Slideshow transcript
Slide 2: Soteriology The Doctrine of Salvation
Slide 3: How are we Saved? The FAITH “Key Question” . . . “In your personal opinion, what do you understand it takes for a person to go to heaven?”
Slide 4: Possible Answers: Faith Works Unclear No opinion
Slide 5: The “Faith” Answer “The only way we may be saved from the penalty of our sin is to believe in the One True God who made Himself known to us by coming to us in the Person of Jesus Christ, the God-Man, the one who died on the cross for our sins and rose again from the grave. We must repent and believe that Jesus Christ is Lord and receive Him as our own Personal Lord and Savior. There is no other way we may be saved.”
Slide 6: Now, imagine your friend asks you these questions . . .
Slide 7: But what about those who lived before Jesus came? What about those who lived before the cross? What about those who lived in the “BC” part of the time-line? They can’t receive Christ as Lord and Savior because Jesus Christ has not yet come, right?. . .
Slide 8: How would you respond?
Slide 9: “Salvation in the Old Testament” Israel My Glory (December 1994 / January 1995)
Slide 10: The Seed The foundation upon which redemption would rest was God’s promise of a coming seed. In addressing Satan in the immediate aftermath of the fall, the Lord said . . . Genesis 3:15. . . “I will put enmity between you and the woman, and between your seed and her Seed; He shall bruise your head, and you shall bruise His heel.”
Slide 11: The line of the promised seed was announced in Genesis 12:2-3 . . . “ . . . and in you (Abraham) all the families of the earth shall be blessed.” The identity of the line of the seed to be blessed was particularized in Genesis 17:19: “and you shall call his name Isaac; I will establish My covenant with him for an everlasting covenant, and with his descendants after him.”
Slide 12: The Son And so, through the seed of Abraham grew the promise. The line of the promised seed flourished until it produced its final fruit in the Son. Galatians 3:16 . . . “Now to Abraham and his Seed were the promises made. He does not say, ‘And to seeds,’ as of many, but as of one, ‘And to your Seed,’ who is Christ.”

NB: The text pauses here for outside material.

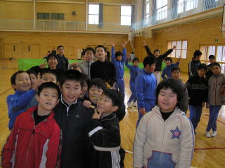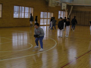 ■初練習は全員集合■(2007/1/7) 1月だというのに、まだ雪がありませんね。 そんなにびりびり寒いわけでもありません。 今日は一日雨でしたが、 初練習へは全員参加でした。 風邪をひいている人も一人もいなくて、 さっそくストレッチ体操。 そして軟らかいボールを使った捕球練習。 C球を使ってのゴロとフライの捕球練習。 紙ボールを使ってのバッティング練習と、 短い時間ながら充実した練習内容でした。 途中、昨年体力測定のできなかった、 菊池翔・本間智穂・本多健資が立ち幅跳び等実施。 本間智穂が2mにも達しようかという大ジャンプ。 みんなびっくりしていました。 昨年暮れ沖縄へ行った本間智穂から、 団員と指導員へお土産をいただきました。 おいしいお土産ありがとう。 来週の日曜も午前9時から練習です。 風邪などひかないようにうがい・手洗い忘れないようにね。 |
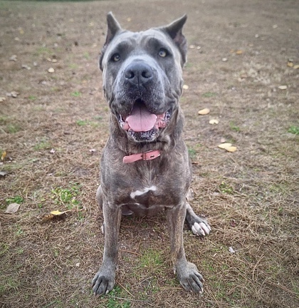 Mocha is a big, beautiful Cane Corso with a heart just as oversized. She's all wiggles and smiles when she's with her trusted people-playful, sweet, and absolutely full of love. However, she can be a bit nervous, especially around new situations or unfamiliar faces. Whether it's a game of tug, fetch, or chase, Mocha is always up for fun. And when the play's done? She's all about the snuggles and quiet time right by your side.

Slide 13: The Sinner The window to salvation, from the manward side, is opened in a phrase associated with Abraham’s acceptance of God’s promise of an heir—His promised seed: “And he believed in the Lord; and he counted it to him for righteousness” (Genesis 15:6).
Slide 14: Romans 4:1-5 verifies that Abraham’s faith was not placed in a righteousness-reward relationship. Saving faith would not be forged by observing laws, traditions, or even the repetitious sacrifices that would be the evidence, but not the means, of faith. Point of Romans 4:1-5: Abraham was justified (declared righteous before God) by faith, not by works.
Slide 15: Today justification (to be declared righteous) is also by faith, but with this important difference: Whereas Abraham believed God would give him a son . . . we believe God has given us His Son, and that by faith in Him we are saved . . .
Slide 16: Therefore, the basis of saving faith, Old Testament or New, is always in the Son. The question is only whether one is looking forward to His coming, or back to the Redeemer who has come . . .
Slide 17: 1000BC. . . 500 BC... 100 BC…..0 …100 AD…500 AD…2003 AD Time Since Christ Time Before Christ (NT believers look back) (OT believers looked forward)
Slide 18: Salvation in the Old Testament Therefore, salvation in the Old Testament occurs the same way as in the New Testament. We are “saved by grace through faith . . . not of works” (Ephesians 2:8-9).